DetectChanges can be set to false inside the configuration of the DbContext.

public class YourContext : DbContext
{
    public YourContext(): base("DefaultConnection")
    {
        this.Configuration.AutoDetectChangesEnabled = false;
    }
}

or can be turned off for the context life cycle:

using (var context = new YourContext())
{
    context.Configuration.AutoDetectChangesEnabled = false;
}

This will increase the overall performance of Entity Framework because it will not execute the verification of changes of the entities inside the DbContext and the database. Disabling the auto detection of changes come with the cost that if you do not call it manually that you will not have the good result.

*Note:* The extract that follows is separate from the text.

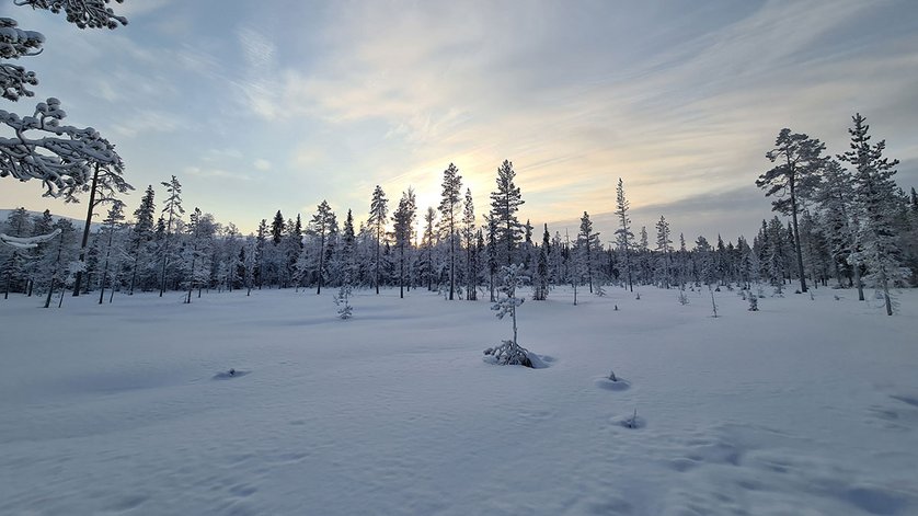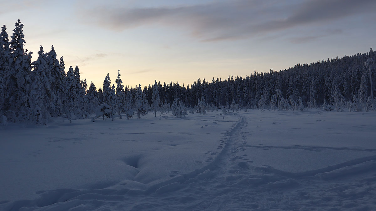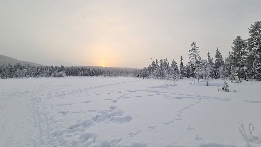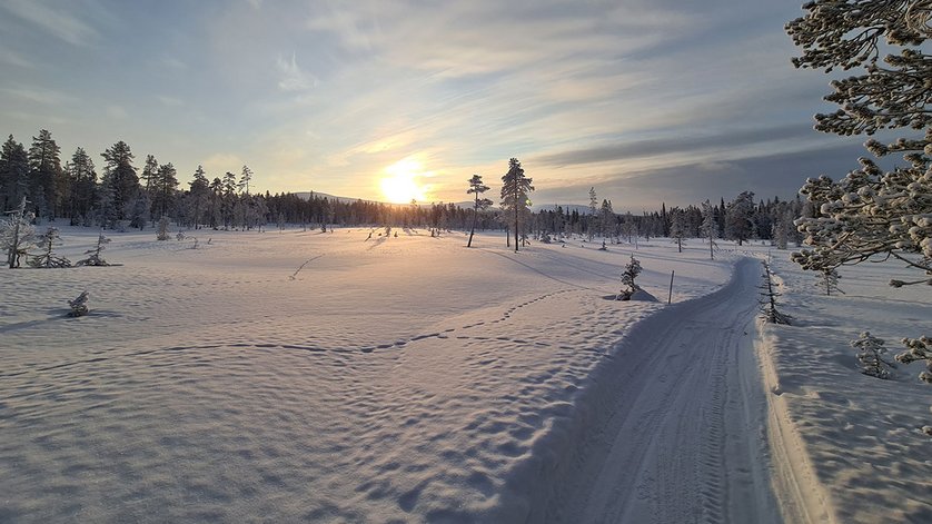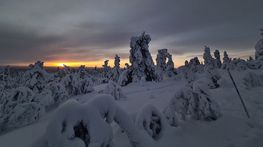 Aujourd'hui, c'est mon premier jour de congé et je veux être actif. Mais avec toutes les impressions que j'ai accumulées ces deux dernières semaines, j'ai oublié que nous sommes déjà le 23 décembre. Il ne me reste que peu de temps avant le coucher du soleil. J'enfile rapidement mes vêtements chauds et prépare mes raquettes. Ma première destination : la « Pyhän Laurin Kappeli » − l'église d'Äkäslompolo. De là, je continue sur le Kuer − l'une des sept montagnes entourant Äkäslompolo. Le sentier me mène à travers une forêt romantique profondément enneigée, à travers des clairières lumineuses jusqu’au sommet du Kuer. Arrivé là-haut, je sens mon cœur palpiter et je m'aperçois que je savoure, figé comme une pierre, la vue sur l'immensité du paysage lapon, le tout couronné par un coucher de soleil pittoresque, presque kitsch, qui colore le ciel dans des tons jaune orangé. Je suis à deux doigts de pleurer de joie.

In the case that the AutoDetectChangesEnabled is kept to true, or set to true again, than you can be sure that a verification is done when:

  • DbSet.Add
  • DbSet.Find
  • DbSet.Remove
  • DbSet.Local
  • DbSet.Attach
  • DbContext.SaveChanges
  • DbContext.GetValidationErrors
  • DbContext.Entry
  • Any Linq query on DbSet

If you are doing few queries or that you add several new entities you may want to detect change only after all commands instead of letting Entity Framework detecting change on every command.

To tell Entity Framework to detect changes, you must use the DbContext and call the ChangeTracker property that has the DetectChanges method.

The followed example will not update the user.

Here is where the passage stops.